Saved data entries
----------------------------------------

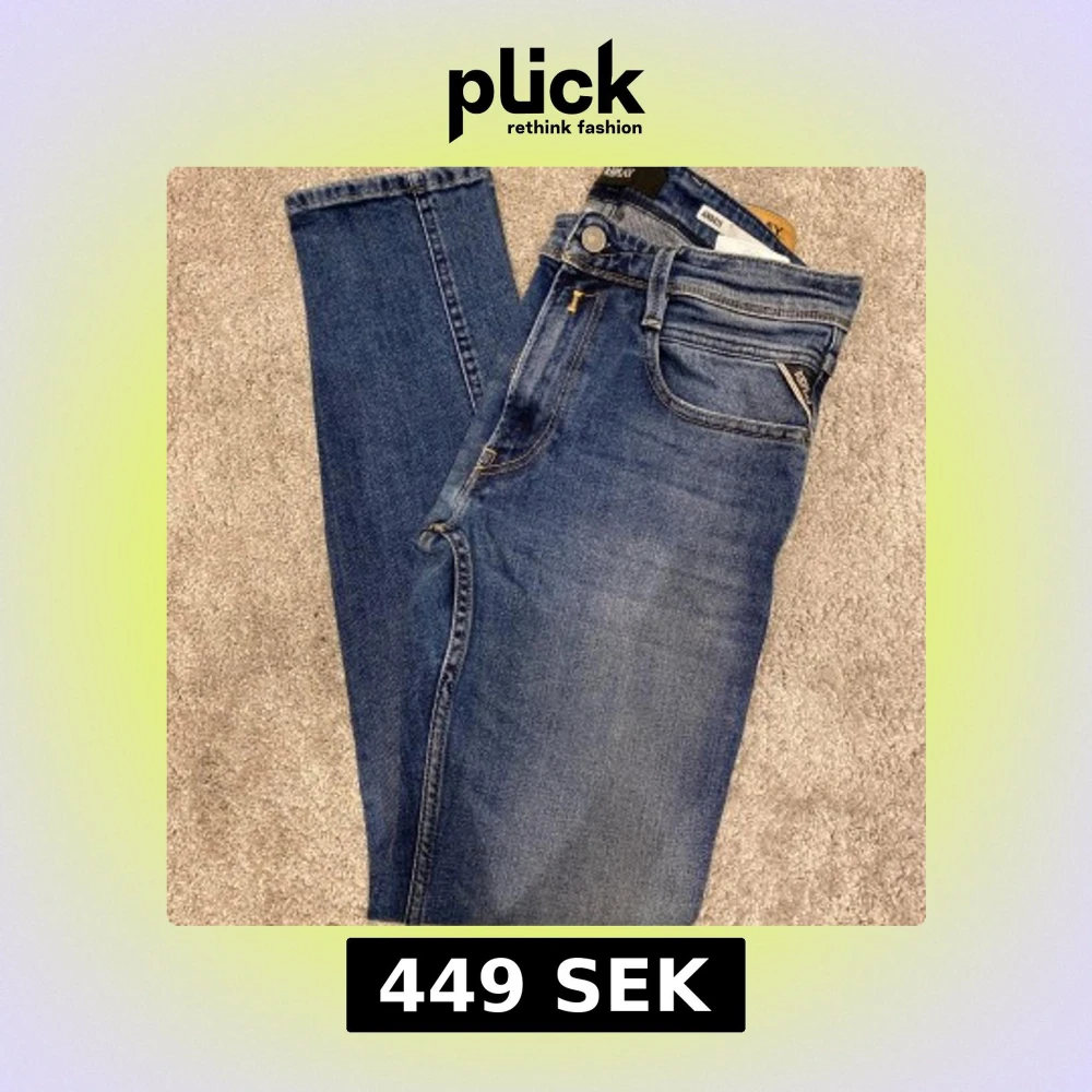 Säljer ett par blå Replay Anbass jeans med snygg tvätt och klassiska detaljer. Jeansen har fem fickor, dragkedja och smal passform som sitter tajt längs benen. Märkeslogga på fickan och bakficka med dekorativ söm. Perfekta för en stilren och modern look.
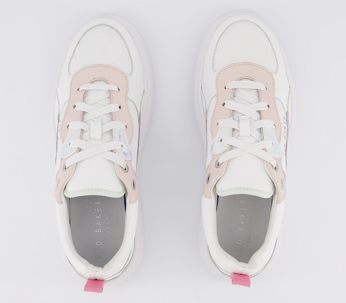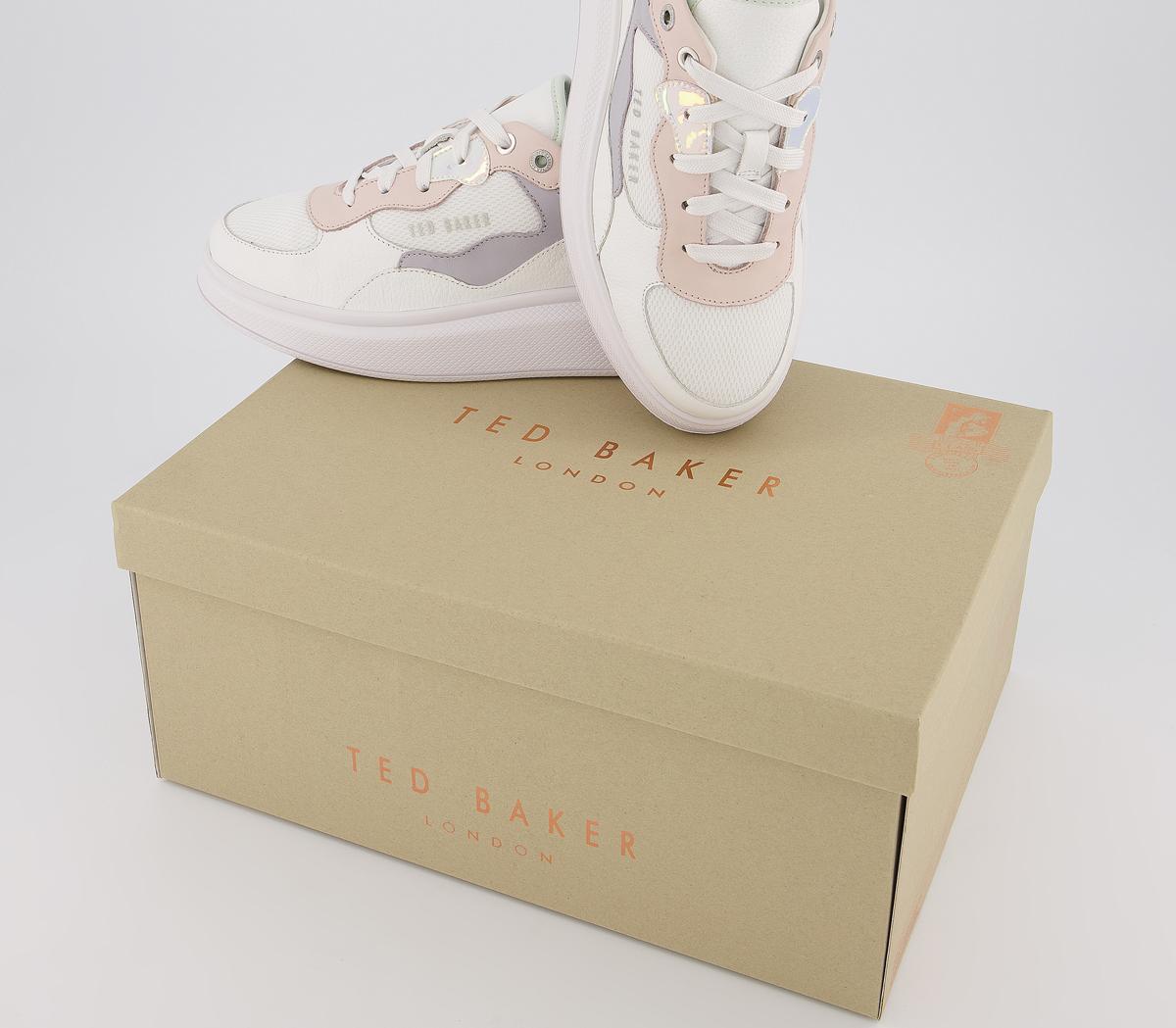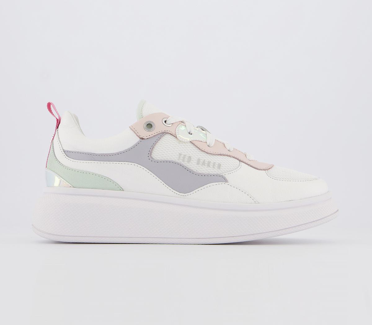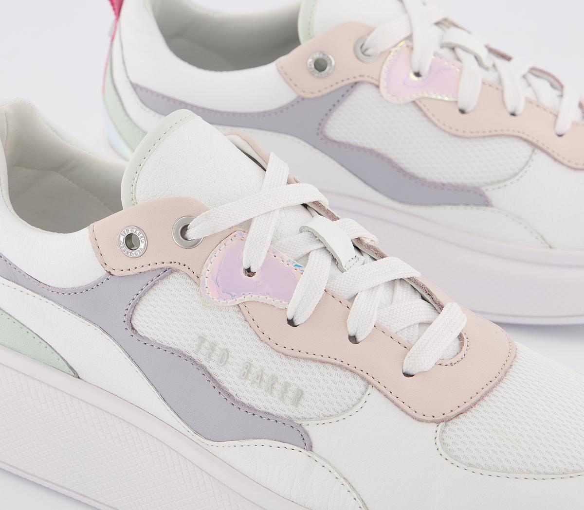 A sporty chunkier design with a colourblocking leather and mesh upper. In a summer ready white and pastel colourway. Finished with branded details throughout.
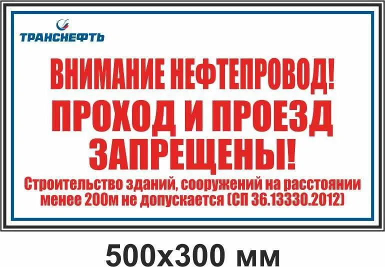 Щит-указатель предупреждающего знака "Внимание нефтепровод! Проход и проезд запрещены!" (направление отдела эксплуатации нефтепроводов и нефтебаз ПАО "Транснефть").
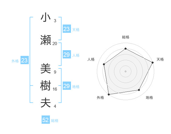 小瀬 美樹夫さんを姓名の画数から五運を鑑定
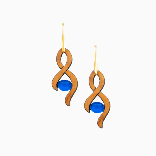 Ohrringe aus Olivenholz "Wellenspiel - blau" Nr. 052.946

----------------------------------------

» **What you have to do**
Your task is to reproduce every record exactly while omitting the pictures.

» **Task result**
 Säljer ett par blå Replay Anbass jeans med snygg tvätt och klassiska detaljer. Jeansen har fem fickor, dragkedja och smal passform som sitter tajt längs benen. Märkeslogga på fickan och bakficka med dekorativ söm. Perfekta för en stilren och modern look.
 A sporty chunkier design with a colourblocking leather and mesh upper. In a summer ready white and pastel colourway. Finished with branded details throughout.
 Щит-указатель предупреждающего знака "Внимание нефтепровод! Проход и проезд запрещены!" (направление отдела эксплуатации нефтепроводов и нефтебаз ПАО "Транснефть").
 小瀬 美樹夫さんを姓名の画数から五運を鑑定
 Ohrringe aus Olivenholz "Wellenspiel - blau" Nr. 052.946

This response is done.